We have shown that the use of HAART during treatment for tuberculosis significantly protected against mortality when compared with HIV-infected patients who received no antiretroviral medication or antiretroviral regimens other than HAART (RR, 0.36; 95% CI, 0.14–0.91; p = 0.01). Furthermore, HIV-infected patients who received HAART during their tuberculosis treatment converted their sputum smears and cultures to negative significantly faster than those not treated with HAART (mean of 3.5 vs. 5.9 wk [p = 0.01] and mean of 5.1 vs. 8.7 wk [p = 0.003], respectively). However, the administration of HAART was associated with a significant prolongation of tuberculosis treatment for unclear reasons. Despite the apparent benefits associated with HAART, only 32 (44%) of the 73 HIV-infected patients treated for tuberculosis during or after 1996 received HAART. This was likely due to the lack of an expert consensus about whether and when HAART should be initiated during the treatment of HIV-related tuberculosis—an issue that remains controversial (34
). Even though delaying HAART until the end of tuberculosis treatment simplifies the management of the two diseases, our results are in line with recent literature (35
) and provide compelling evidence to warrant the initiation of HAART during tuberculosis treatment in select patients. Until there is further information from prospective clinical trials about the optimal time to initiate HAART, the current World Health Organization recommendations remain our best guide (36
Our study was limited by potential biases. The effect of physician preference for prolonging treatment in HIV-infected patients proved to be difficult to control. Throughout chart reviews, it was evident that certain cases had treatment prolonged by their physician due to profound HIV-mediated immunosuppression rather than due to the standard reasons for prolonging therapy. Determining cause of death also proved difficult. We reviewed all available charts, computer records, death certificates, and autopsy information to determine cause of death; however, only a minority of cases had post mortem
analyses. The retrospective cohort design of this study precluded analysis of the effects of the timing of initiating HAART on tuberculosis outcomes and time-matched comparisons of CD4+
T-lymphocyte count and viral load in those receiving various antiretroviral regimens versus those receiving none. To determine the optimum duration of therapy for tuberculosis in an era of HAART and to determine the optimum time to initiate HAART would require a large randomized clinical trial. The database for this cohort was initiated in the early 1990s when the immune reconstitution syndrome in HIV-infected patients was starting to be described (37
); therefore, our data on this syndrome are limited. There was differential attrition in the two groups. However, most of the attrition in the HIV-infected patients was due to HIV-related death. Had these patients lived longer, the relapse rate would have likely been even higher.

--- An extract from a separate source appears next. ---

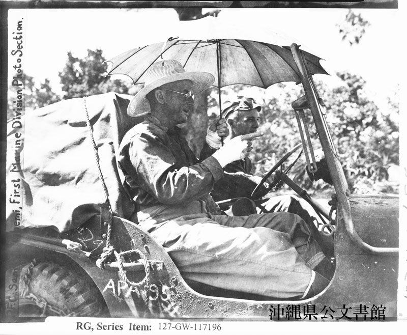【和訳】 沖縄の(灼熱の)太陽を二重に防御——沖縄製麦わら帽と日傘で陽射しを避けながら前線に近い指揮所へ向かう米海軍軍医キンバラ大尉

In summary, we have shown in this study that HIV-infected patients who successfully completed a rifamycin-based course of therapy, regardless of its duration, were more likely to relapse in follow-up when compared with HIV-uninfected patients. We have also shown that HIV-infected patients who received a 6-month, rifamycin-based course of tuberculosis treatment or who were treated intermittently had a relapse rate that was significantly higher than HIV-infected individuals who received a longer duration of therapy or were treated with daily dosing, respectively. Despite the varying recurrence rates noted in the literature, the generally recommended treatment for HIV-infected patients with tuberculosis is 6 months of a rifamycin-based regimen (2
). Based on our findings, we recommend that further research is warranted to identify the most efficacious duration of therapy and the optimum timing for HAART in the treatment of HIV-related tuberculosis.